__Task goal__:
When writing out the entries below, keep only the lines from the line with "アフリカの湿地帯に生息する鳥" to the line with "Implementation of Decree", both included, exactly as they are, and leave the pictures aside.

__Exercise input__:
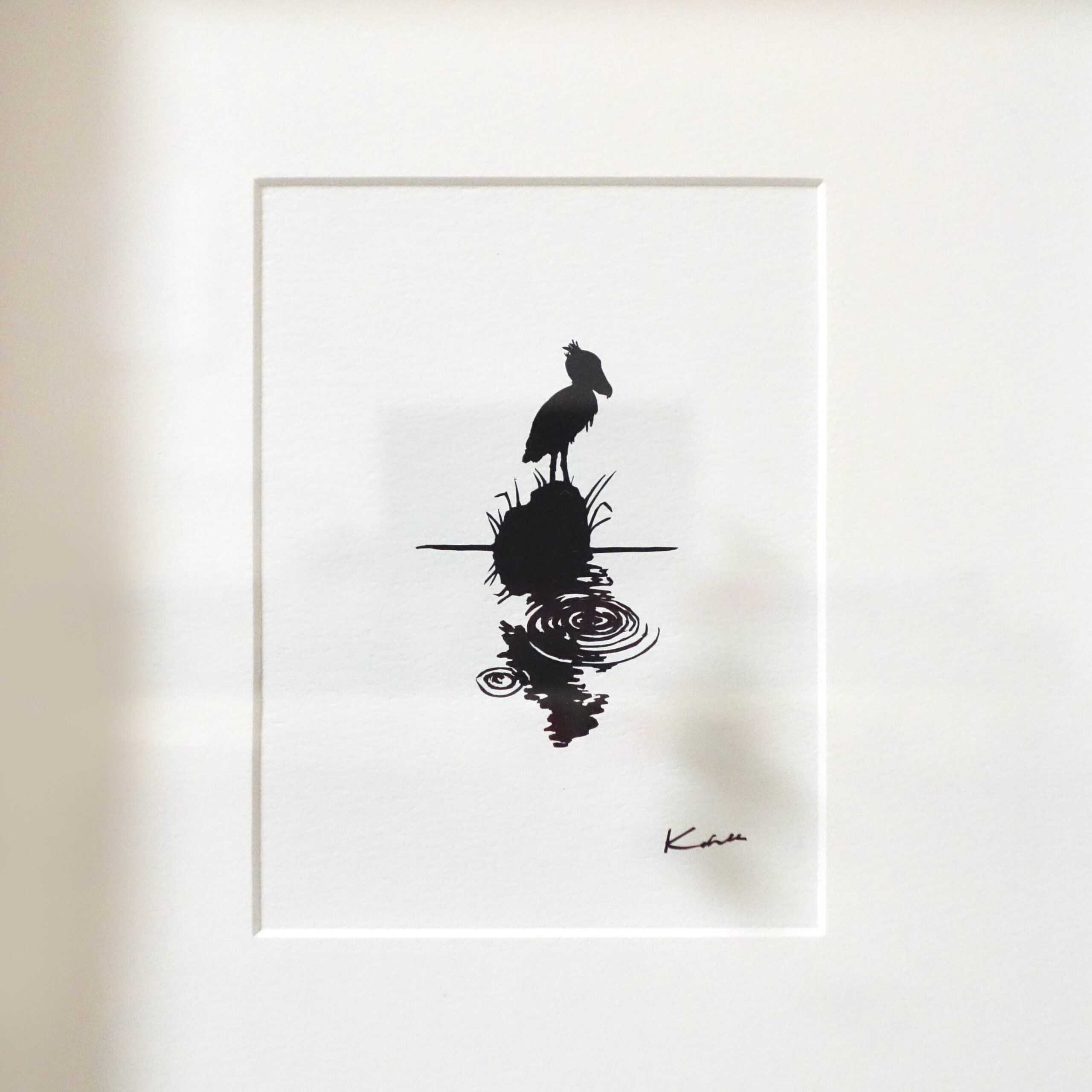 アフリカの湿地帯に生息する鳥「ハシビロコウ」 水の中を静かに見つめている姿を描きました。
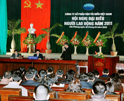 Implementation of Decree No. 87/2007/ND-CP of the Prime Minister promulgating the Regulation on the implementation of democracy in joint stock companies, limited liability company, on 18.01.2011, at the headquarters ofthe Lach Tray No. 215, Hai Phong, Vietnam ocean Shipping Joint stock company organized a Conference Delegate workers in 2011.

* * *

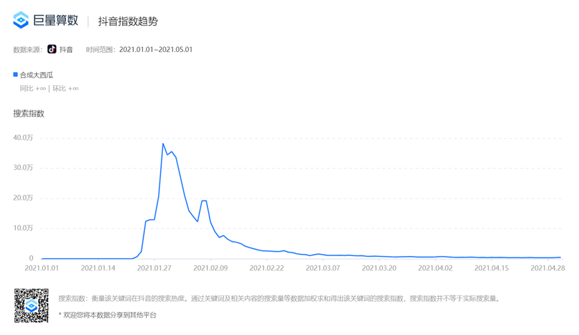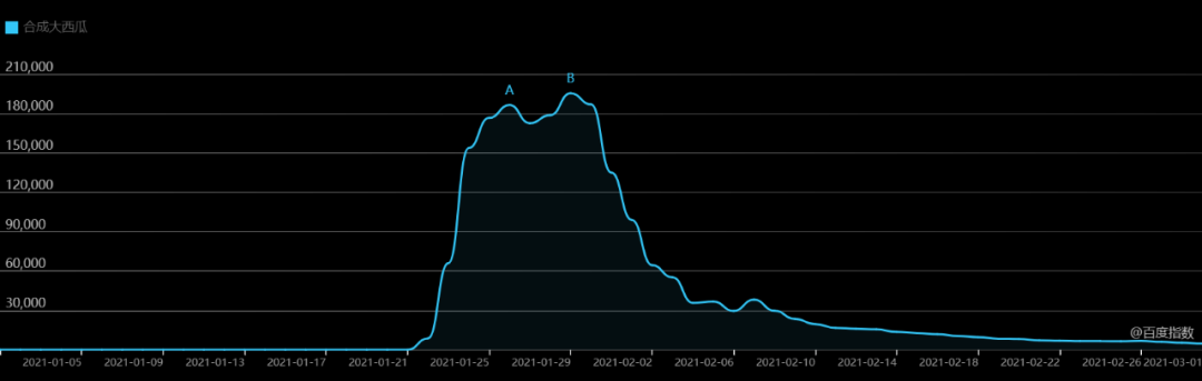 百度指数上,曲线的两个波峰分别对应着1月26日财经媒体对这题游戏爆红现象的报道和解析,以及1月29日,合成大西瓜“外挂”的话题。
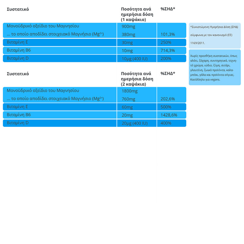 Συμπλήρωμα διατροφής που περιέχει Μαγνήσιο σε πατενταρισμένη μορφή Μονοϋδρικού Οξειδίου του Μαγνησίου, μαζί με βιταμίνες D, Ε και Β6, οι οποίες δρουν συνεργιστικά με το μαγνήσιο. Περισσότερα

__Exercise result__:
 アフリカの湿地帯に生息する鳥「ハシビロコウ」 水の中を静かに見つめている姿を描きました。
 Implementation of Decree No. 87/2007/ND-CP of the Prime Minister promulgating the Regulation on the implementation of democracy in joint stock companies, limited liability company, on 18.01.2011, at the headquarters ofthe Lach Tray No. 215, Hai Phong, Vietnam ocean Shipping Joint stock company organized a Conference Delegate workers in 2011.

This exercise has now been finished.